- INSTRUCTIONS TO FOLLOW
Exclude the pictures, then repeat the remaining data exactly.

- PROVIDED DATA
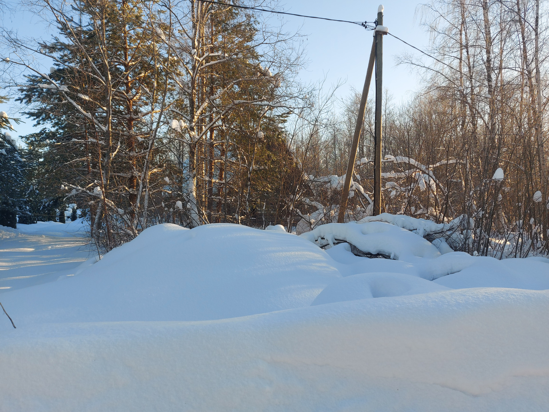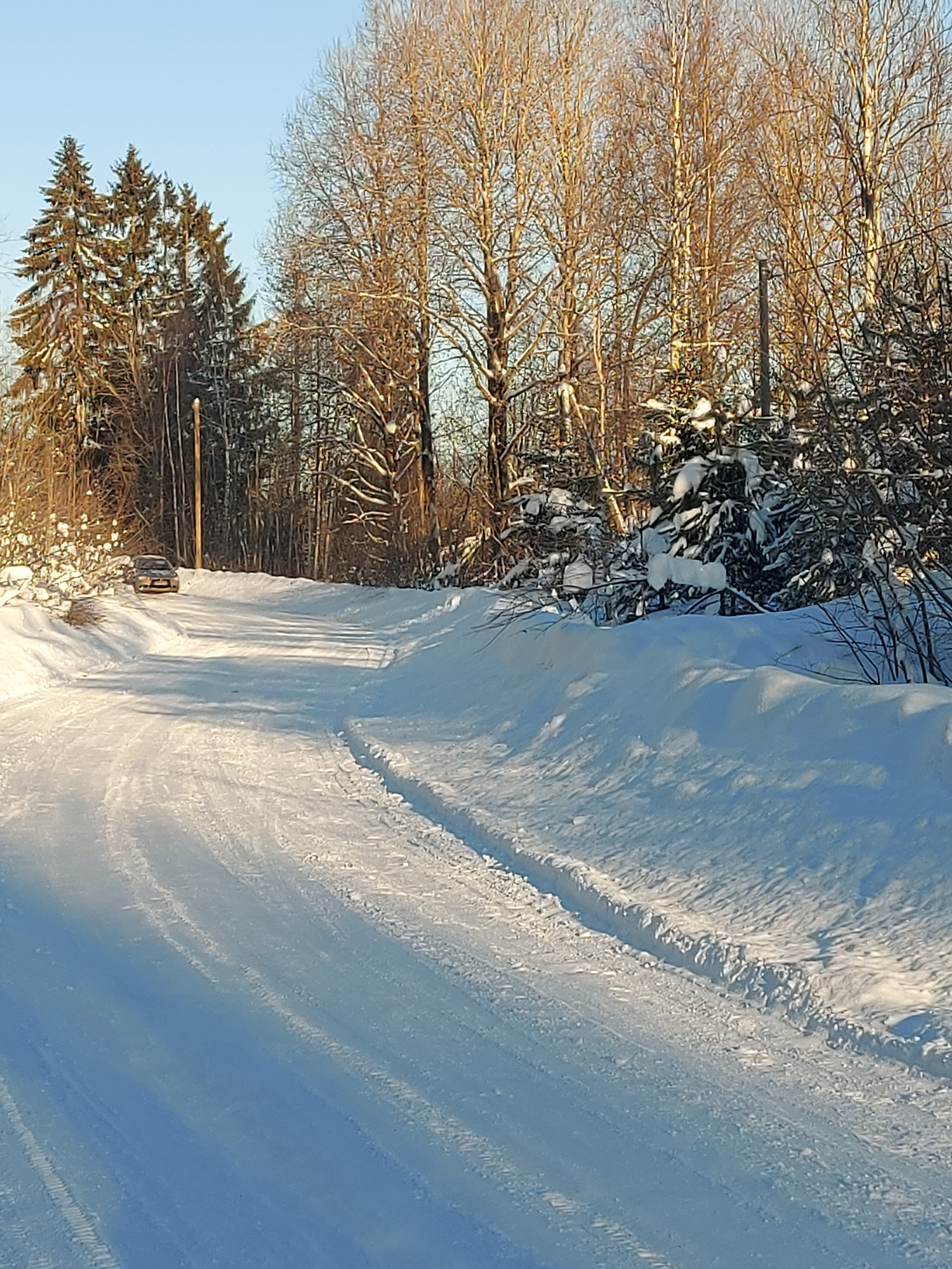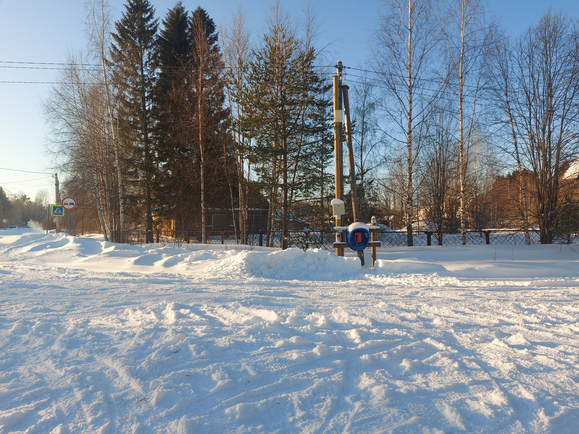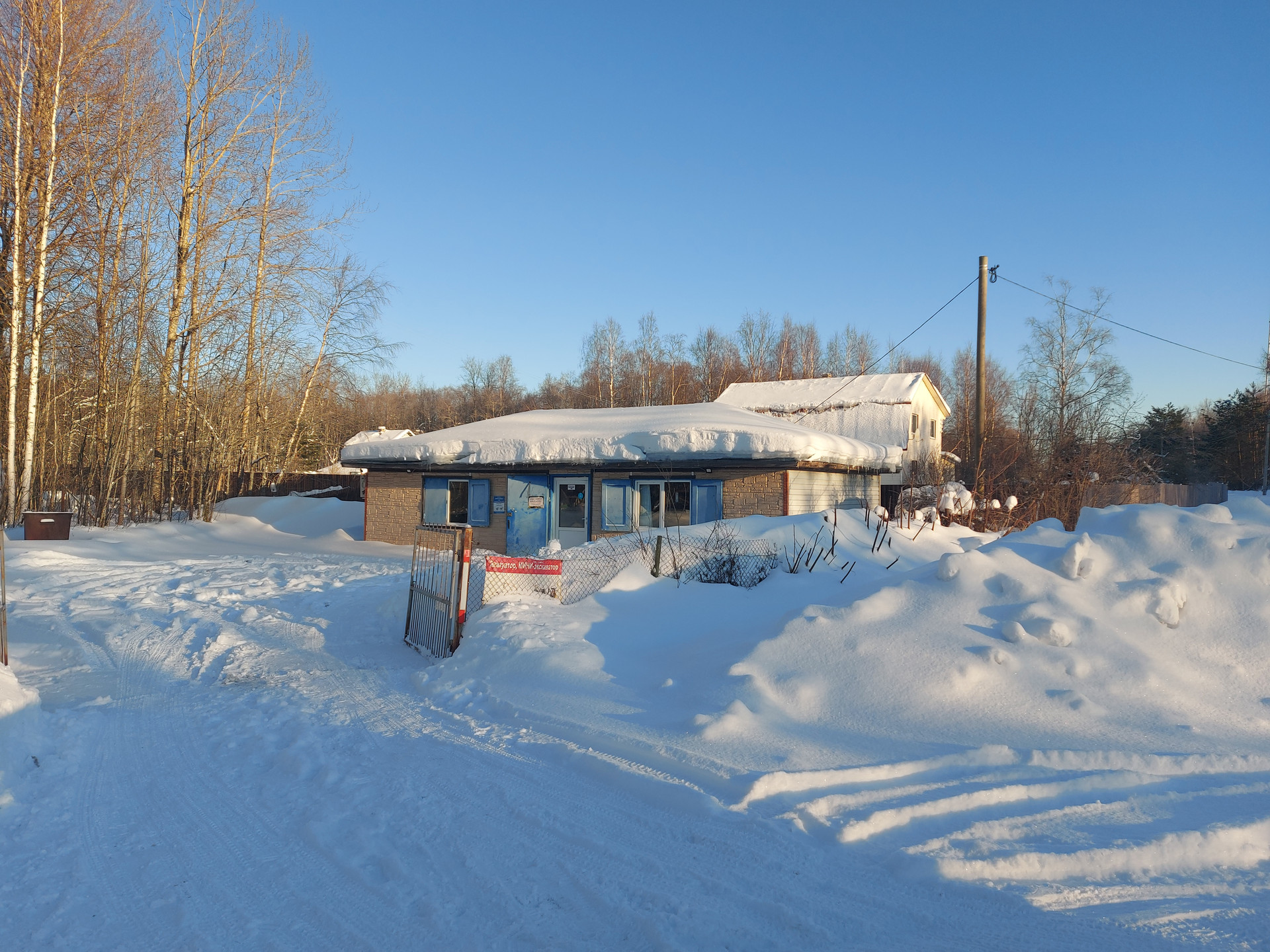 В поселке ходит рейсовый автобус, есть круглогодичный магазин. Дорога до участка асфальт и 5 км грунтовка (обещают сделать асфальт), хорошо чистят зимой.
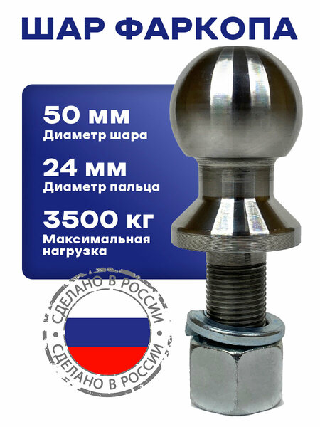 Шар для фаркопа 50мм является незаменимым элементом прицепного замкового устройства прицепа, обеспечивающим надежное соединение легкового авто или внедорожника с различными прицепами. Шар для прицепного устройства/шар на прицепное устройство подходит как под стандартные прицепы легковых автомобилей, так и под прицеп для квадроцикла, снегохода и других транспортных средств, он фиксирует замок прицепного устройства. Основным преимуществом фаркоп шара является его съемный дизайн, что упрощает установку/насадку и демонтаж в зависимости от потребностей пользователя. Универсальный механизм крепления прицепного устройства обеспечивает совместимость с автомобилями любых моделей, включая популярные марки внедорожников, таких как уаз, патриот и т. д. При этом палец для фаркопа способен выдерживать предельную тяговую нагрузку до 3500 кг, что делает шар для фаркопа съемный подходящим выбором для буксировки тяжелых грузов, легких прицепов и трейлеров автомобилем. Конструкция шара фаркопа 50мм включает металлическую головку, которая гарантирует прочность и долговечность использования. В комплект входят все необходимые болты и элементы для быстрого монтажа, поэтому в сборе и установке не займет много времени. Характеристики: - диаметр шара фаркопа - 50 мм; - диаметр резьбы ножки стержня-24 мм; -длина ножки - 41 мм; - предельная тяговая нагрузка-3500 кг; - производитель- Сервис-Штамп, Россия
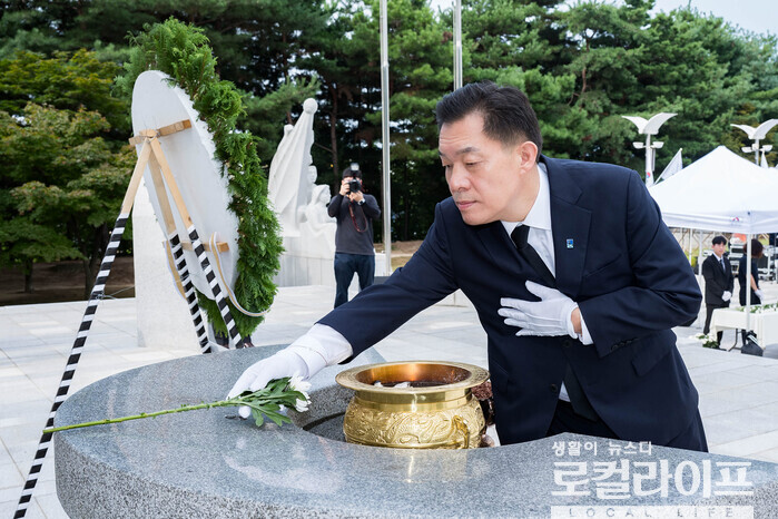 | ▲ 이재준 수원특례시장이 광복절 기념식에서 헌화하고 있다. (사진출처=이재준 페이스북) |
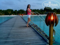 Озаглавливаю свой отзыв таким образом, поскольку добирались до отеля на 4х самолетах (Франкфурт-Амстердам-Абу-Даби-Мале-внутренний рейс до Maamigili). Такой путь нам проложил туроператор. С местного маленького аэропорта до острова-отеля - на катере минут 5. И Вы - в Раю:-). ...Разместили нас быстро. Бунгало наше 162, рядом со SPA, как мы и писали в своем пожелании. Расположение нашего домика очень радовало. Индийский океан здесь - очень ласковый и невероятно теплый. Июль на Мальдивах - самый жаркий месяц, и, хотя, температура воздуха здесь не поднимается выше +32, по ощущениям солнце - испепеляющее. Мы знали об этом, и запаслись необходимой косметикой. Купались в основном до обеда, или около 4х часов после полудня. Спасение в такой жаре - только в океане или бунгало при максимально включенной климе. Да, остров находится близко от экватора, поэтому день здесь равен ночи, темнеет рано, около 19 часов уже сумерки. После заката солнца купаться в океане запрещено, т.к. из открытого океана на мелководье приплывают хищные рыбы... Здесь уже много писали об этом отеле, поэтому подробно описывать все его достоинства не буду:-). ...Мы хотели спокойного отдыха, и здесь мы его получили: отель был полон гостей, но встречали мы их только в ресторане, остальное время казалось, что мы на острове почти одни, и это - огромный плюс. Остров - маленький: 140х700 метров, очень зеленый, уютный, белоснежный песок и бирюзовый океан, невероятно красивые закаты солнца:-). Природа сказочная, но, как мне показалось, хрупкая, наверное, потому что все здесь - рукотворно... У каждого бунгало - свой кусочек пляжа. Нам повезло с погодой: за весь отпуск не было ни одного дождя, за исключением последней ночи перед отъездом, когда всю ночь была гроза и ливень стеной... В океане мы плавали с рыбками со стороны песчаной косы. Но там довольно сильное течение, будьте осторожны. Акулки рифовые там - просто милашки:-). А со стороны нашего бунгало рыбок не было... Но зато - мелко, что очень комфортно для детей. С собой возьмите коралловые тапки, т.к. они спасут ваши ноги от острых кораллов. Мы взяли и не пожалели. Хотелось бы поблагодарить обслуживающий персонал отеля. Ребята очень вежливые, приветливые, внимательные. Особую благодарность хочется выразить менеджеру на ресепшене, имя его Фата, он неплохо говорит по-немецки, что было очень кстати, нашему официанту - Фату, и девочкам в СПАцентре: Розе и девушке-филиппинке, имя не помню, к сожалению! Ребята, Vara boda shukuriyya! Да, я заметила, мальдивцы - очень красивые люди!:-) Мы рады, что побывали в этом чудесном райском уголке.

- OUTPUT FOR THIS EXERCISE
 В поселке ходит рейсовый автобус, есть круглогодичный магазин. Дорога до участка асфальт и 5 км грунтовка (обещают сделать асфальт), хорошо чистят зимой.
 Шар для фаркопа 50мм является незаменимым элементом прицепного замкового устройства прицепа, обеспечивающим надежное соединение легкового авто или внедорожника с различными прицепами. Шар для прицепного устройства/шар на прицепное устройство подходит как под стандартные прицепы легковых автомобилей, так и под прицеп для квадроцикла, снегохода и других транспортных средств, он фиксирует замок прицепного устройства. Основным преимуществом фаркоп шара является его съемный дизайн, что упрощает установку/насадку и демонтаж в зависимости от потребностей пользователя. Универсальный механизм крепления прицепного устройства обеспечивает совместимость с автомобилями любых моделей, включая популярные марки внедорожников, таких как уаз, патриот и т. д. При этом палец для фаркопа способен выдерживать предельную тяговую нагрузку до 3500 кг, что делает шар для фаркопа съемный подходящим выбором для буксировки тяжелых грузов, легких прицепов и трейлеров автомобилем. Конструкция шара фаркопа 50мм включает металлическую головку, которая гарантирует прочность и долговечность использования. В комплект входят все необходимые болты и элементы для быстрого монтажа, поэтому в сборе и установке не займет много времени. Характеристики: - диаметр шара фаркопа - 50 мм; - диаметр резьбы ножки стержня-24 мм; -длина ножки - 41 мм; - предельная тяговая нагрузка-3500 кг; - производитель- Сервис-Штамп, Россия
 | ▲ 이재준 수원특례시장이 광복절 기념식에서 헌화하고 있다. (사진출처=이재준 페이스북) |
 Озаглавливаю свой отзыв таким образом, поскольку добирались до отеля на 4х самолетах (Франкфурт-Амстердам-Абу-Даби-Мале-внутренний рейс до Maamigili). Такой путь нам проложил туроператор. С местного маленького аэропорта до острова-отеля - на катере минут 5. И Вы - в Раю:-). ...Разместили нас быстро. Бунгало наше 162, рядом со SPA, как мы и писали в своем пожелании. Расположение нашего домика очень радовало. Индийский океан здесь - очень ласковый и невероятно теплый. Июль на Мальдивах - самый жаркий месяц, и, хотя, температура воздуха здесь не поднимается выше +32, по ощущениям солнце - испепеляющее. Мы знали об этом, и запаслись необходимой косметикой. Купались в основном до обеда, или около 4х часов после полудня. Спасение в такой жаре - только в океане или бунгало при максимально включенной климе. Да, остров находится близко от экватора, поэтому день здесь равен ночи, темнеет рано, около 19 часов уже сумерки. После заката солнца купаться в океане запрещено, т.к. из открытого океана на мелководье приплывают хищные рыбы... Здесь уже много писали об этом отеле, поэтому подробно описывать все его достоинства не буду:-). ...Мы хотели спокойного отдыха, и здесь мы его получили: отель был полон гостей, но встречали мы их только в ресторане, остальное время казалось, что мы на острове почти одни, и это - огромный плюс. Остров - маленький: 140х700 метров, очень зеленый, уютный, белоснежный песок и бирюзовый океан, невероятно красивые закаты солнца:-). Природа сказочная, но, как мне показалось, хрупкая, наверное, потому что все здесь - рукотворно... У каждого бунгало - свой кусочек пляжа. Нам повезло с погодой: за весь отпуск не было ни одного дождя, за исключением последней ночи перед отъездом, когда всю ночь была гроза и ливень стеной... В океане мы плавали с рыбками со стороны песчаной косы. Но там довольно сильное течение, будьте осторожны. Акулки рифовые там - просто милашки:-). А со стороны нашего бунгало рыбок не было... Но зато - мелко, что очень комфортно для детей. С собой возьмите коралловые тапки, т.к. они спасут ваши ноги от острых кораллов. Мы взяли и не пожалели. Хотелось бы поблагодарить обслуживающий персонал отеля. Ребята очень вежливые, приветливые, внимательные. Особую благодарность хочется выразить менеджеру на ресепшене, имя его Фата, он неплохо говорит по-немецки, что было очень кстати, нашему официанту - Фату, и девочкам в СПАцентре: Розе и девушке-филиппинке, имя не помню, к сожалению! Ребята, Vara boda shukuriyya! Да, я заметила, мальдивцы - очень красивые люди!:-) Мы рады, что побывали в этом чудесном райском уголке.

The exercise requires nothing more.